> _EXERCISE_
Your copy should start at the line with "ସାକ୍ଷୀଗୋପାଳର ବକ୍ତୃତା ଦିଆଯିବ" and end at the line with "TOPIC 40.2 B" in the data below. Transcribe only those lines, exactly, pictures excluded.

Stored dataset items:
'''

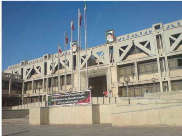
Figuur 1 Hoofdkantoor Staalbedrijf.

Toen ik eind 2007 door PUM benaderd werd voor een adviesklus in Iran, moest ik toch even op mijn hoofd krabben. Was dat niet een eng land? Niks eng, zei mijn Sector coördinator, er zijn dit jaar al 21 experts geweest en die kwamen allemaal enthousiast terug! PUM is een organisatie die Senior Experts uitzendt naar ontwikkelingslanden om daar te adviseren/helpen met ontwikkeling van van alles. De meeste experts zijn gepensioneerd, want je moet vrije tijd hebben en er wordt niet voor betaald, behalve onkosten. Er zijn ongeveer 4000 experts ingeschreven en ongeveer 2000 projecten per jaar. De experts zijn er op allerlei vakgebieden, maar voornamelijk MKB, zoals mensen uit de bakkerijwereld, land- en tuinbouw, onderwijs,
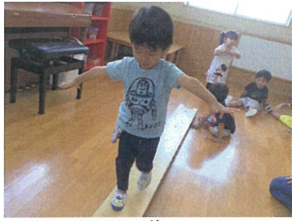
飛行機がフ〜ンと バランスをとって進むよ!!
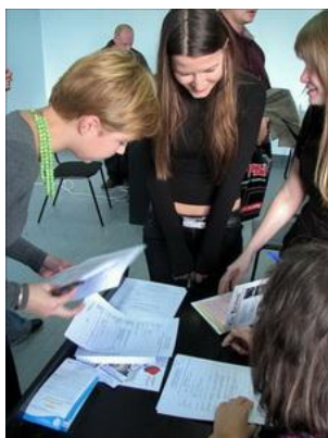
Рис. 20. Формирование раздаточных материалов к собранию добровольцев

Что необходимо узнать новому добровольцу о Вашей организации? Как помочь добровольцу разобраться в целях, задачах и методах, в программах и проектах Вашей организации, в ее правилах и стандартах работы, в том, кто и за что отвечает? При этом и Вам, и добровольцу необходимо выбрать наиболее подходящую для него сферу активности. Прежде всего необходимо сформировать раздаточные материалы для добровольцев (рис. 20), но помнить, что как недостаточность информации, так и информационный шквал могут оттолкнуть нового
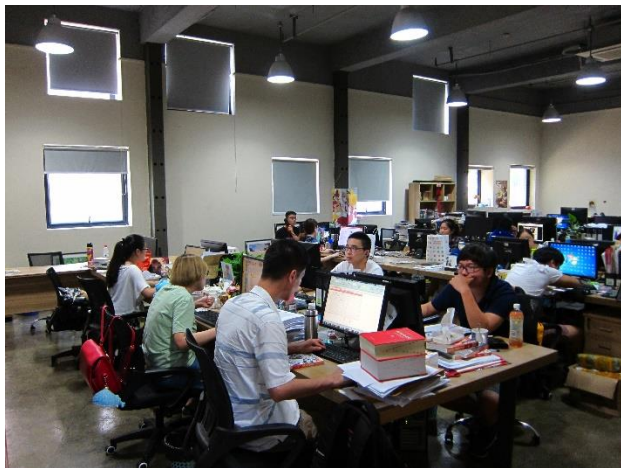
Figure 14：翻翻動漫公司吸引動漫人才在優良的環境下創作

翻翻動漫位於「杭州創意良渚基地」的「玉鳥流蘇創意園」內，基地範圍主要是以良渚文化遺址（良渚博物館）及部分良渚鎮為主，整體規劃舒適、閒逸、具文化感。翻翻動漫所在建築由政府興建（非舊建築），但以租金優惠提供予該
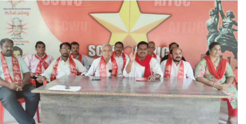
సెప్టెంబర్ 2న చలో కలెక్టరేట్ ను జయపురం చేయండి
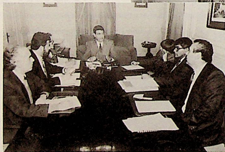
ESCUELA DE AGRONOMIA

En esta oportunidad, entregamos un avance de las principales acciones que se llevarán a efecto durante este segundo semestre, en el marco del mencionado Programa.
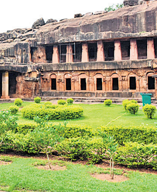
ସାକ୍ଷୀଗୋପାଳର ବକ୍ତୃତା ଦିଆଯିବ ବୋଲି ରାଜ୍ୟ ପର୍ଯ୍ୟଟନ ସଚିବ କହିଛନ୍ତି ।

କରାଯିବ ବୋଲି ଏହାର ଅଧ୍ୟକ୍ଷା ଶ୍ରୀମତୀ ମିଶ୍ର ସୂଚନା ଦେଇଛନ୍ତି ।
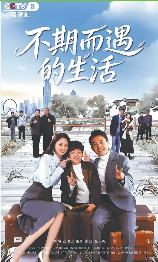
《不期而遇的生活》海报。
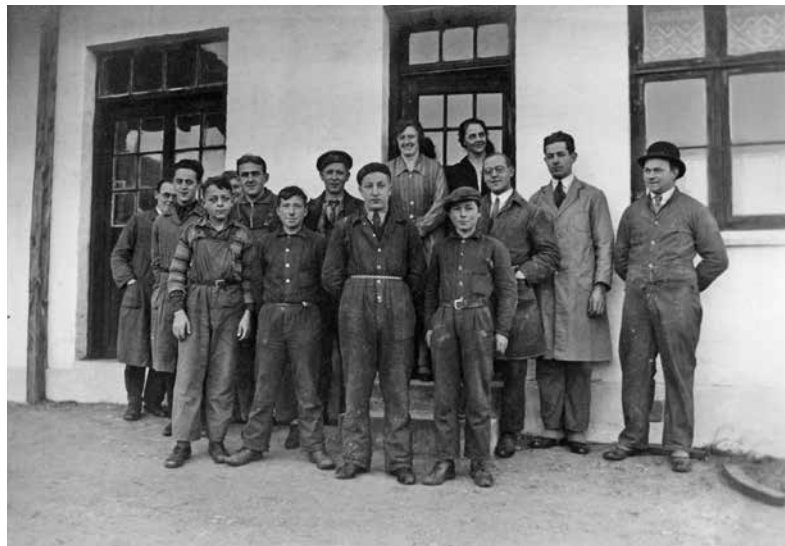
Personalet på Roskilde Madrasfabrik i Borge-diget ca. 1930.
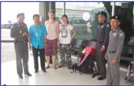
จนท.ตร. รักษาความปลอดภัยภายในสถานีขนส่งฯ
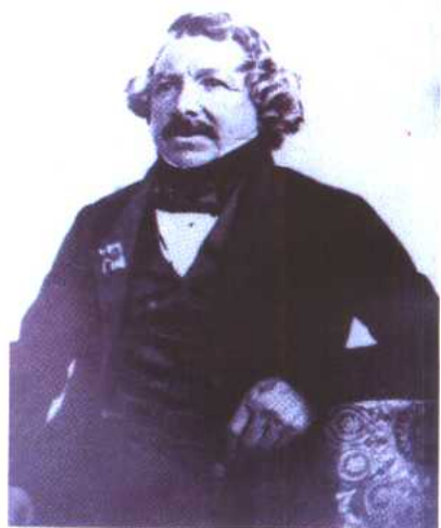
图 1 达盖尔的银版肖像
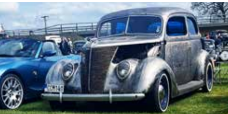
Ford Tudor V8 från 1937
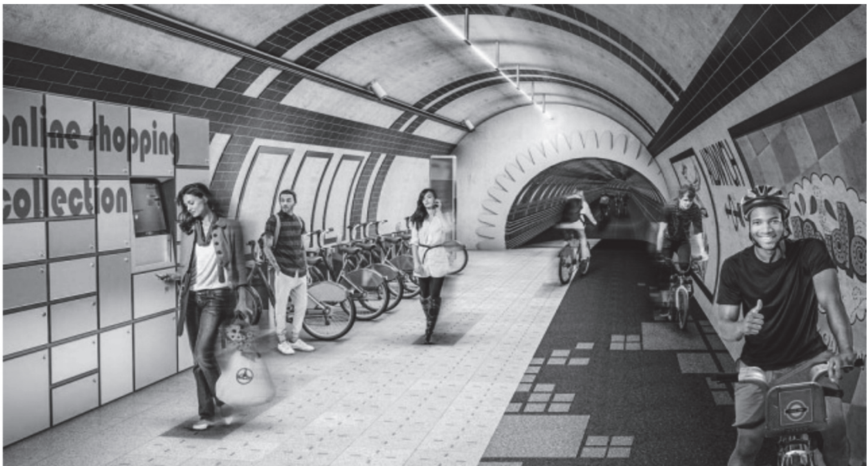
Рис. 2 - Впровадження інноваційних технологій у формування просторів велокомунікацій США та Великої Британії

У подальших дослідженнях варто приділити увагу дослідженню даного сегменту у вітчизняній практиці. Розглянути відношення вітчизняної архітектурно-дизайнерської спільноти до сучасних напрямів формування простору вздовж велосипедних комунікацій.
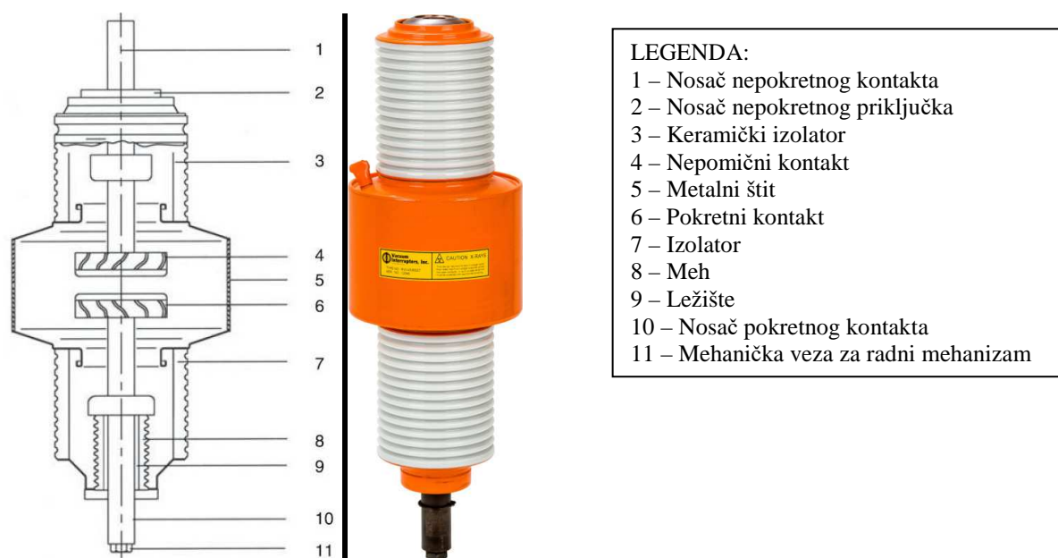
Slika 1 – Vakuumska komora

brzo kondenzuju na površini kontakata vakuumske komore sa ishodom brze obnove dielektrične čvrstoće. Vakuumska komora ima jedan nepomični i jedan pomični kontakt. Na slici 1 je dat prikaz vakuumske komore.
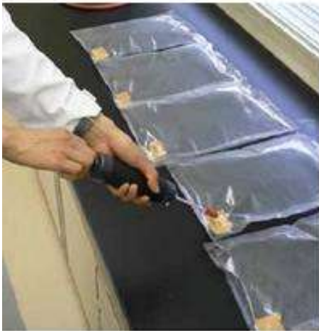
ガス検知管による試験風景
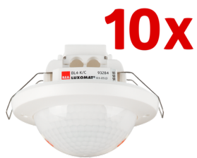
10 x BL4-K-DE Art.No: 93231

Um das Set gemäß der technischen Spezifikation zu erhalten, bestellen Sie bitte die aufgeführten Artikel.
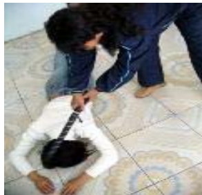
酷刑演示: 电棍电击
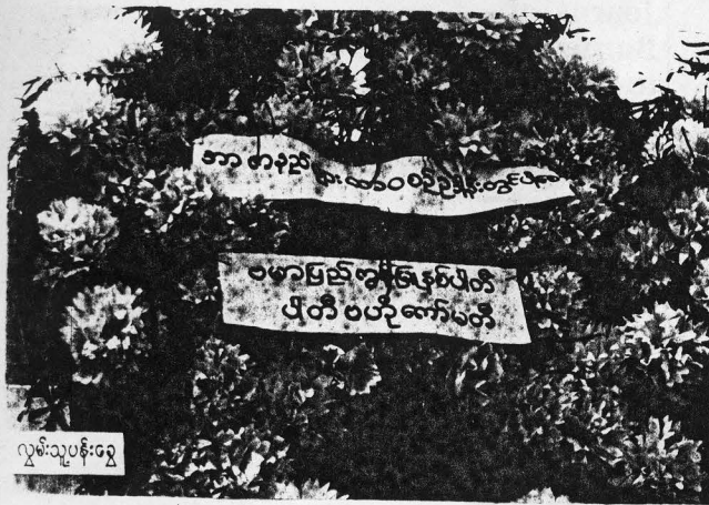
လွမ်းသူ့ပန်းတွေ
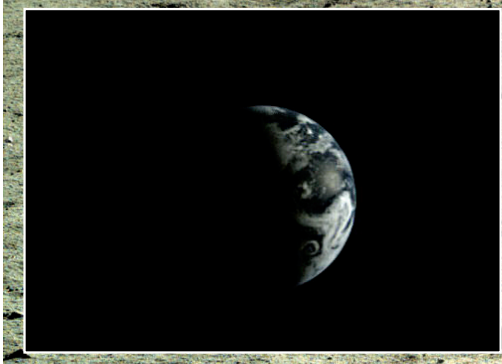
地形地貌相机拍摄的地球图像(2013年12月25日2时15分摄)
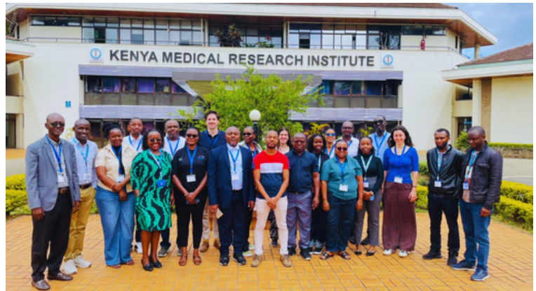
Photo de famille entre les participants et les formateurs, lors de l'atelier CholGEN et la génomique avancée, tenu à Nairobi.
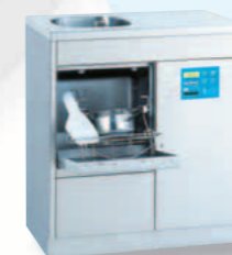
TOPIC 40.2 B

Apparecchiatura per il lavaggio e la disinfezione versione sotto il piano di lavoro. Rappresenta il completamento ideale per unità con base ad ante già esistenti. La dotazione viene completata da un ampio piano di lavoro e di appoggio con bordo di contenimento. Dimensioni/mm: L 900, P 600, A 900
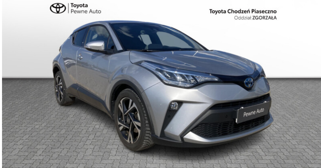
Toyota Chodzeń Piaseczno Oddział ZGORZAŁA
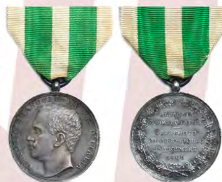
Ил. 24. Медаль «В память землетрясения в Калабрии и на Сицилии 28 декабря 1908 г.» на ленте второго типа (с 7 июля 1910 года). КМТ.
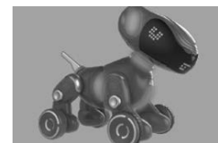
■ PYXEL – Robot z Wifi
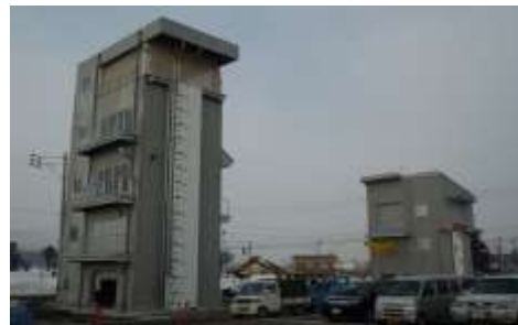
南魚沼市消防署訓練塔

'''

> _TASK OUTPUT_
ସାକ୍ଷୀଗୋପାଳର ବକ୍ତୃତା ଦିଆଯିବ ବୋଲି ରାଜ୍ୟ ପର୍ଯ୍ୟଟନ ସଚିବ କହିଛନ୍ତି ।

କରାଯିବ ବୋଲି ଏହାର ଅଧ୍ୟକ୍ଷା ଶ୍ରୀମତୀ ମିଶ୍ର ସୂଚନା ଦେଇଛନ୍ତି ।
《不期而遇的生活》海报。
Personalet på Roskilde Madrasfabrik i Borge-diget ca. 1930.
จนท.ตร. รักษาความปลอดภัยภายในสถานีขนส่งฯ
图 1 达盖尔的银版肖像
Ford Tudor V8 från 1937
Рис. 2 - Впровадження інноваційних технологій у формування просторів велокомунікацій США та Великої Британії

У подальших дослідженнях варто приділити увагу дослідженню даного сегменту у вітчизняній практиці. Розглянути відношення вітчизняної архітектурно-дизайнерської спільноти до сучасних напрямів формування простору вздовж велосипедних комунікацій.
Slika 1 – Vakuumska komora

brzo kondenzuju na površini kontakata vakuumske komore sa ishodom brze obnove dielektrične čvrstoće. Vakuumska komora ima jedan nepomični i jedan pomični kontakt. Na slici 1 je dat prikaz vakuumske komore.
ガス検知管による試験風景
10 x BL4-K-DE Art.No: 93231

Um das Set gemäß der technischen Spezifikation zu erhalten, bestellen Sie bitte die aufgeführten Artikel.
酷刑演示: 电棍电击
လွမ်းသူ့ပန်းတွေ
地形地貌相机拍摄的地球图像(2013年12月25日2时15分摄)
Photo de famille entre les participants et les formateurs, lors de l'atelier CholGEN et la génomique avancée, tenu à Nairobi.
TOPIC 40.2 B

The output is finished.